If the overall incidence is stable, around 3 to 3.5 cases per 100,000 inhabitants – which is close to European rates – the analysis however reveals a non-homogeneous geographical distribution.
Brittany, Occitanie, Auvergne: the three red zones
It is by zooming in on the regional and departmental levels that the study reveals striking disparities. While Guyana has the lowest rate (1.06 cases per 100,000 inhabitants), Brittany peaks at 3.77. Three areas of “over-incidence” have been formally identified:
- The Nîmes/Avignon/Alès sector (557 cases observed against 449 expected);
- The Guingamp-Lorient axis (520 cases against 417 expected);
- The Clermont-Ferrand area (315 cases against 241 expected).

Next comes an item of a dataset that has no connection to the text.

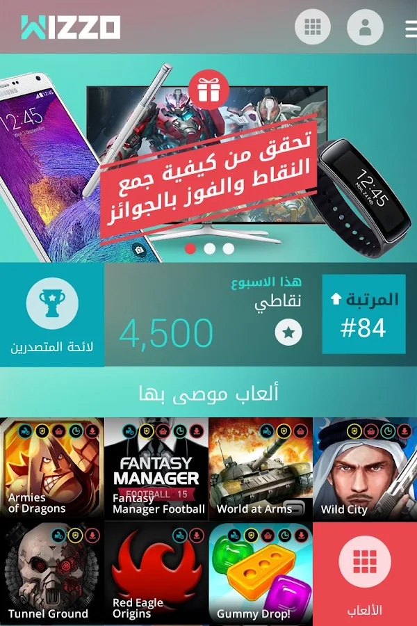 اربح نقاط من خلال الألعاب التي تحملها عبر تطبيق WIZZO وتنافس مع اصدقائك ولاعبين آخرين حول العالم.

Areas of specific excess mortality also appear around Saint-Étienne and the Lorient/Vannes axis. These differences do not seem to be linked to better local screening, because, as SPF points out, the completeness of the data is excellent due to the burden of care.

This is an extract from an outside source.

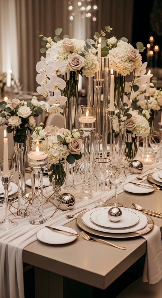 Crystal and glass elements add elegance and sparkle. Use crystal vases, glass charger plates, and transparent candle holders to create a refined look.

© Frequency of motor neuron diseases (including Amyotrophic Lateral Sclerosis) and territorial disparities in France. Data 2010-2021
The enigma of causes: tobacco, shellfish and the environment
If 10% of cases are of genetic origin, the remaining 90% remain a challenge for research. The study mentions various risk factors, but Dr Casseron sheds specific light on certain local and behavioral avenues.
“It seems that fairly solid studies show that smoking could be a probable risk factor in motor neurone diseases. Likewise, the cyanotoxin BMAA was suspected in the cases occurring in Hérault, around the Thau pond. The Montpellier team has also published work suggesting that the bioconcentration of this toxin in certain shellfish could be partly responsible for the aggregation of certain cases.”

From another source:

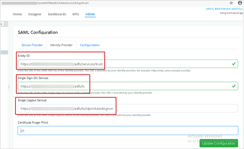 Enter the following information from ADFS to ProcessMaker in the Identity Provider section, then click Update Configuration:

He also recalls that certain profiles, such as high-level athletes or farmers exposed to pesticides, sometimes present groupings, possibly linked to complex interactions. “There are probably epigenetic interactions: certain genes can see their expression modulated by the environment. But for ALS, it is almost impossible to precisely trace a patient’s exposure over the last ten years to establish a direct causal link.
Hypotheses cited by the Public Health France document: “Several hypotheses are put forward in the literature, in particular the influence of certain environmental or professional factors (exposure to pesticides, heavy metals including lead, atmospheric pollution, formaldehyde). ALS is possibly the result of an interaction between the genome and the exposome with a gene-time-environment hypothesis. Experts are not returning to the hypothesis which linked a toxic mushroom with several cases in Savoie.
A call for scientific caution
Despite the highlighting of these “clusters”, Dr. Casseron invites residents of these regions not to give in to worry.
“We must exercise caution. Although it is not impossible, the identification of environmental factors in a scientific manner remains extremely complex. We cannot draw definitive conclusions in terms of immediate regionalization; living in Brittany does not mean that we run a systematically higher risk” he concludes.